Aliens vs. Predator GamesCom 2009 PreviewBy Andrew Pfister - Posted Aug 20, 2009
They mostly come out at night.
They also come out at GamesCom. "They," of course, are the Aliens of Aliens vs. Predator, and after Predator stole the show at E3, it was xenomorphin' time in Germany.
The Sega product manager giving our demo began by mentioning that the original Aliens vs. Predator PC game was about 10 years old. After I stopped freaking out about the quick passage of time, I flashed back to prowling around as an Alien in that game, able to walk on almost any surface in almost any direction, and feasting on a buffet of helpless Marines.
And all of that is coming back, with a few helpful refinements. Playing as the Alien could be disorienting, especially in regards to knowing which way was down. In the new AvP, Johnny Alien (name completely unofficial) has a reticule in his field of view. Though our human scientists have yet to fully understand this life form, having an aiming reticule in its field of view is probably unrealistic. But it's completely helpful, as its T-shape is always showing you which way is down, and it glows a bit when centered over a surface that you can leap to. If that wasn't agile enough, pulling the controller's left trigger activates a focus mode, which highlights smaller paths (air ducts, vent holes) and lets you launch into them in one seamless maneuver. When chained the right way, Johnny can get behind a squad of confused and frightened Marines in a matter of seconds. But we're still not sure how effective it'll be against Steve Predator.

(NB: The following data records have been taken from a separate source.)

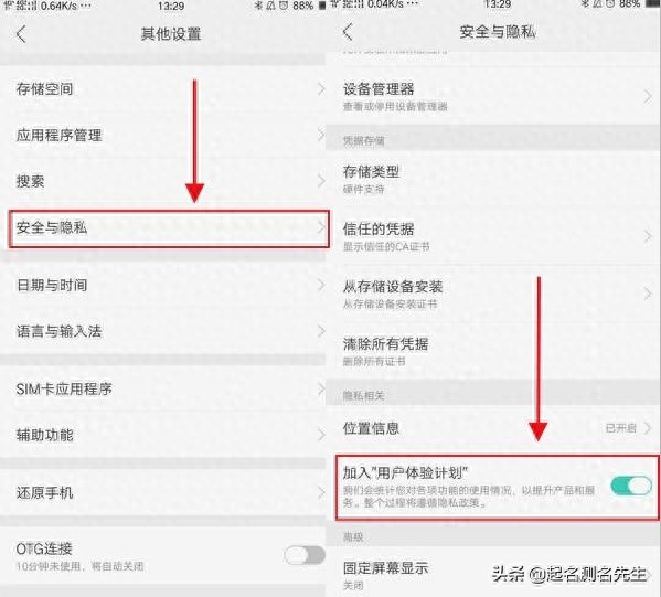 关闭步骤:【设置】--【其他设置】--【设备与隐私】--关闭【用户体验计划】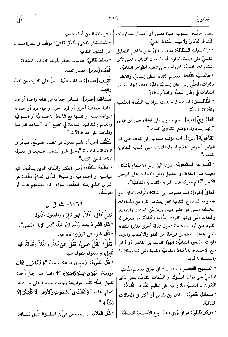 ثقافيّ [مفرد]: اسم منسوب إلى ثقافة ° التُّراث الثقافيّ: هو مجموعة النماذج الثقافيَّة التي يتلقاها الفرد من الجماعات المختلفة التي هو عضو فيها، ويتضمّن العادات والتقاليد والعقائد التي ورثها الفرد- الصَّدمة الثَّقافيَّة: ما يتعرض له الفرد من أزمات نتيجة دخول ثقافة أخرى مغايرة للثقافة التي يحملها وتتميز بمرحلة من القلق والاكتئاب والتردُّد المؤقت- الفجوة الثقافيَّة: الهُوّة القائمة بين ثقافتين أو أكثر مع الاحتفاظ بالأنماط الثقافيّة القديمة التي ثبت بطلانها والتمسك بالجديد.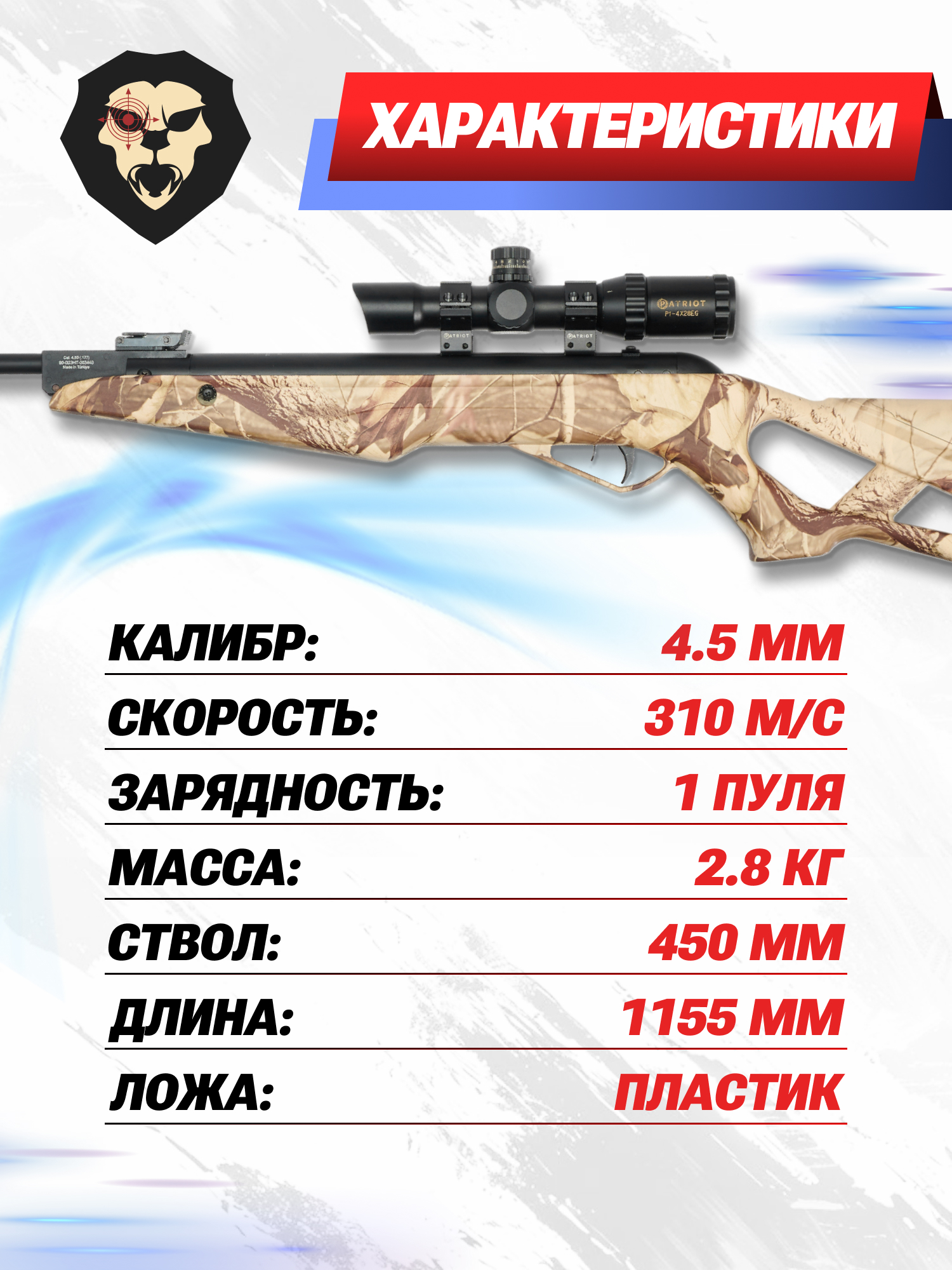 | Комплектация | Винтовка, упаковка, краткая документация, копия сертификата (по запросу покупателя) |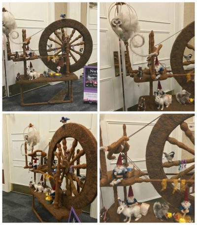 A giant felted spinning wheel!What I didn’t really realize when I said yes to teaching at the NwRSA conference this year is just how many spinners there are in the upper left hand corner of the US. The North West Regional Spinners Association conference is a whole bunch of guilds coming together. It was all spinning all the time and it was wonderful!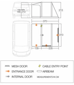 All of the Starline range of inflatable porch awnings are quick and simple to set-up. Each front window can be dropped to give a veranda effect or they can be unzipped to reveal fly screens for extra ventilation. There’s a doorway on either side, too. The individual inflation points give increased reliability and highly visible guy-ropes are fitted to add more stability. The Starline is available in three sizes: 260cm, 300cm and 390cm. All three have several sewn-in ringlets where an inner tent can be attached to provide extra sleeping space.
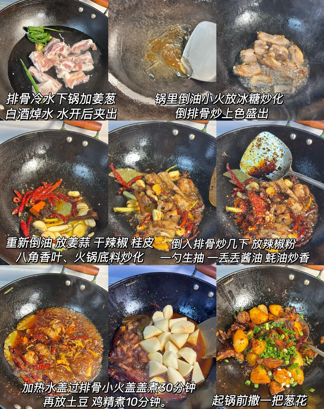 1⃣:排骨冷水下锅加姜葱 料酒焯水。水开后夹出来,锅里倒油放冰糖小火炒化 放排骨炒上色盛出。重新倒油放姜蒜,葱白、香叶桂皮八角、干辣椒 火锅底料小火炒化。倒入排骨炒匀,加一勺辣椒粉 、一勺生抽 蚝油 、一丢丢酱油炒香。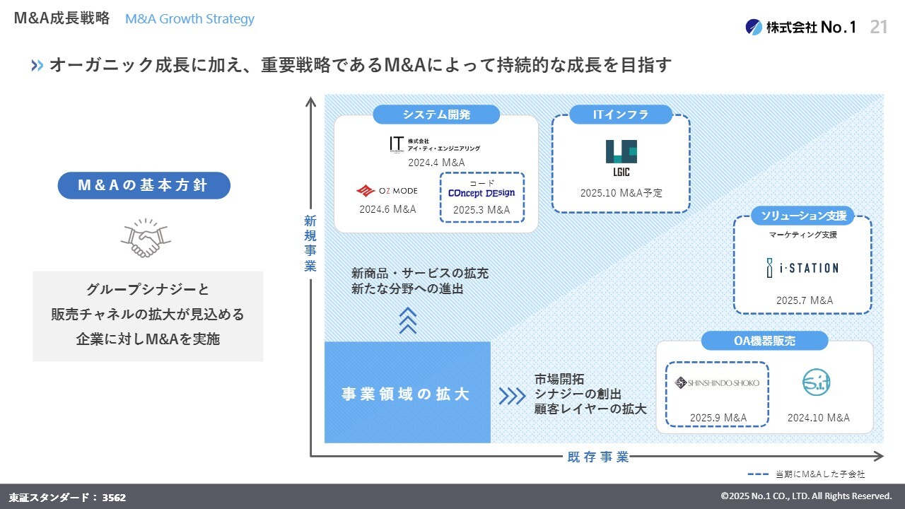当期にM&Aを実施した企業を、青い点線で囲っています。システム開発、OA機器販売、そして新たな領域であるITインフラやソリューション支援へと、事業ポートフォリオを急速に拡大・強化しています。

Speaking of confused and frightened Marines, we got to see them in action, as well. Sega and Rebellion are pitching the three factions as different play styles. Predator is "aggressive stealth," Alien is "slow stealth," and Marines are "survival horror." They get the same battle kit as Hudson, Apone, and Hicks: motion tracker, flares, and a pulse rifle with grenade launcher -- of which the firing sound is pitch perfect to the movie. The scene we saw was a squad desperately trying to barricade an area and set up sentry guns, while a pack of Aliens started a massacre.
Between the Predator's lust for skeletal trophies, the Aliens' remorseless violence in the name of the Queen, and the Marines' pulse rifles, AvP is unashamedly graphic. It's even a bit disturbing (in a good, provoking way) at times. During an Alien mission, you're tasked with collecting human civilians and prepping them for a face-hugging. If the civilian sees you, he'll actually attempt to run and barricade himself in a safer place, which is realistic and kind of cool. But if you somehow manage to get in the room, the civilian will actually pull out a sidearm and shoot themselves in the head -- a fate they'd prefer over the inevitable bursting of chests. The only odd thing about it that I have yet to get over is how the game engine portrays any blood as almost gelatinous globs. A minor issue, but distracting nonetheless.
Sega also announced that in addition to AvP's three single-player campaigns, the game will feature 18-player multiplayer, with 3-way and 2-way modes based on various faction match-ups. Oh, there's also a four-player co-op "Marines vs. Aliens" mode akin to the Horde mode from Gears of War 2, which is brilliant. I have a feeling that a large percentage of players will be mostly playing that mode.